Images are the most common type of non-text data found in Office
documents. As table 4 shows, 34.62% of Word and
77.01% of PowerPoint documents have at least one image. We
do not present results for Excel documents as very few of them
have any images at all.
Figures 9 and 10 show the
average number of distinct images and the average size of images for
PowerPoint documents. We plot the number of distinct images instead
of the total number of images because Office applications cache a
single copy of every image regardless of the actual number of times
the image appears in the document.
Both plots show similar trends, with increases in the number and size
of images as documents get bigger. These results are consistent with
the findings of section 4.2, where the
size contribution of images to document size becomes the dominant
factor as document size increases. The results for Word are similar,
and are omitted for brevity.
We compared the average size of images in Office documents to the
findings of previous Web studies [2,23]. In general,
these studies report the average size of images between 5 KB and
22 KB. In comparison, Office documents, especially PowerPoint
documents, tend to have larger images. These results suggest that
image distillation and other adaptation techniques are at least as
important for compound documents as they are currently for Web
documents.
We measured the reuse of images across our PowerPoint documents by
calculating the Adler-32 checksum [8] of the image's data and
counting the number of documents that have images with the same
signatures.
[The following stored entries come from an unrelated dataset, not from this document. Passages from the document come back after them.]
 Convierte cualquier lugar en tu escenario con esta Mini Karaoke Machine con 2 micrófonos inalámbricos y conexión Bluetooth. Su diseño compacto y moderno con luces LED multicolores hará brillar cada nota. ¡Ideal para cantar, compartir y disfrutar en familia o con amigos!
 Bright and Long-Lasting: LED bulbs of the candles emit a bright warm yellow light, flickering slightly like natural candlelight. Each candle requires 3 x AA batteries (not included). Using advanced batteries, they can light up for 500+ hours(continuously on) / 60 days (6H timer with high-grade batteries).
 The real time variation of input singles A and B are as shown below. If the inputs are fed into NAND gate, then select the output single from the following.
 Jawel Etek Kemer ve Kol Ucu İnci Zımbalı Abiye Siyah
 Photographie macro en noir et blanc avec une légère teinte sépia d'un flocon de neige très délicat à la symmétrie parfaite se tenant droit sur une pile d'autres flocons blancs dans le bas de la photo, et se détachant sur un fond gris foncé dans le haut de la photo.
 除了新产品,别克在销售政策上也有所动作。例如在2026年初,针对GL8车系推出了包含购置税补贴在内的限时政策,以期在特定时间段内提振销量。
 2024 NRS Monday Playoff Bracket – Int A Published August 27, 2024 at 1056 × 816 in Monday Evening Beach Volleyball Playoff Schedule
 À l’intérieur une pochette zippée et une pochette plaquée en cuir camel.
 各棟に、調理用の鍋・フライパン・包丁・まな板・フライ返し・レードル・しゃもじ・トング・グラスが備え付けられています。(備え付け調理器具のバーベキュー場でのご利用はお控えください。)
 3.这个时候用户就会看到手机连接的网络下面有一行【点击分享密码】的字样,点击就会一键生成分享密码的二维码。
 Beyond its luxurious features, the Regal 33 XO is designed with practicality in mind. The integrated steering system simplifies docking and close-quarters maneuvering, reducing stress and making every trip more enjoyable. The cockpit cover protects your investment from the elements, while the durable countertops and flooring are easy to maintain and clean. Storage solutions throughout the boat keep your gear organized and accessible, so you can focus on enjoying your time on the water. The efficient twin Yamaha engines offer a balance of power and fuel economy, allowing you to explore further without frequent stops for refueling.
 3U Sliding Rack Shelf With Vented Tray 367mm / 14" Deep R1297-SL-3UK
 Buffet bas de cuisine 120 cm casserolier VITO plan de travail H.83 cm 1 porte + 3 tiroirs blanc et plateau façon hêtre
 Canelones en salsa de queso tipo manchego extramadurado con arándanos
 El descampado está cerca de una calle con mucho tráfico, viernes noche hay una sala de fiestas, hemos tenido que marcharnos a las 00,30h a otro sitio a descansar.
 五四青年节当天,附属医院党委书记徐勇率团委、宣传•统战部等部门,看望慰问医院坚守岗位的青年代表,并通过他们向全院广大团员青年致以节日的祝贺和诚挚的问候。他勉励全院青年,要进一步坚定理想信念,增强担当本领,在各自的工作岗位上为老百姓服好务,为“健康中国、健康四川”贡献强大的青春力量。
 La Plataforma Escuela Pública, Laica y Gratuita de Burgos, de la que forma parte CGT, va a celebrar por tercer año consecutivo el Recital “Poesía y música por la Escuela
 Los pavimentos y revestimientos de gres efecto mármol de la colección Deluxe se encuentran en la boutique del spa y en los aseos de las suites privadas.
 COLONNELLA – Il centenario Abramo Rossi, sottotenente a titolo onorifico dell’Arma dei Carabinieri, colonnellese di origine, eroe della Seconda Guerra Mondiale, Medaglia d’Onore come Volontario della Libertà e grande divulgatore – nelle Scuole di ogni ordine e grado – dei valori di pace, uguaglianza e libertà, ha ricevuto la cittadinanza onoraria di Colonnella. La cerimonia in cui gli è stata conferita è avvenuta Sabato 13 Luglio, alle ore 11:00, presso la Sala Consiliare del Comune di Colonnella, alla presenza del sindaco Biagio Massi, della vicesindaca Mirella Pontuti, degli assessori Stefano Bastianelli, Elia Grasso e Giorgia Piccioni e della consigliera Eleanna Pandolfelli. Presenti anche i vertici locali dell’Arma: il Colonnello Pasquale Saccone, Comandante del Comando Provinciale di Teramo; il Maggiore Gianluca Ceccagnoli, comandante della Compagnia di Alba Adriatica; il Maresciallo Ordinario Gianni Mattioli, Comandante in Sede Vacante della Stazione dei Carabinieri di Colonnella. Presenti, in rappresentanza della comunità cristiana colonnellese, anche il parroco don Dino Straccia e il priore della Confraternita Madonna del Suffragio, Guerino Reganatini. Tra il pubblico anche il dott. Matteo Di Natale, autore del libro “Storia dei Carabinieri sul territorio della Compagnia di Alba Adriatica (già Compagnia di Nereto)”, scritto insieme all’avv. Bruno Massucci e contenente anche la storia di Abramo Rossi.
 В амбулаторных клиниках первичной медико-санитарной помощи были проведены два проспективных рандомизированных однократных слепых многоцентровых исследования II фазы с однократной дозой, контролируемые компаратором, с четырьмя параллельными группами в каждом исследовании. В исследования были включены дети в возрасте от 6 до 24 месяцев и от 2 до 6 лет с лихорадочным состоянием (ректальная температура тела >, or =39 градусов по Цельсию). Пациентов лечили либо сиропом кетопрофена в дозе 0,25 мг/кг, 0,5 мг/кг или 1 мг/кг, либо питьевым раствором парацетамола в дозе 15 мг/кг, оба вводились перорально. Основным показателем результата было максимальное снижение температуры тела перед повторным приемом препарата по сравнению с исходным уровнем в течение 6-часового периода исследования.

We found that of the 16,189 images embedded in
PowerPoint documents, only 14,016 are distinct, while 1,241 images, or
8.85%, appeared in more than one document. We calculated the
potential bandwidth savings of a perfect cache for a PowerPoint client
reading all the documents in our dataset that came from the same Web
site. We found that 26% of the Web sites get some bandwidth savings
from the perfect cache, while 11% of the sites see reductions in
required bandwidth that are greater than 20 %.
Figure 9:
Average number of images in PowerPoint documents.
Figure 10:
Average image size in PowerPoint documents.
Table 4:
Images statistics for Word and PowerPoint documents. The table shows the percentage of documents that have at least one images, the average number of images in documents with images, and the average image size.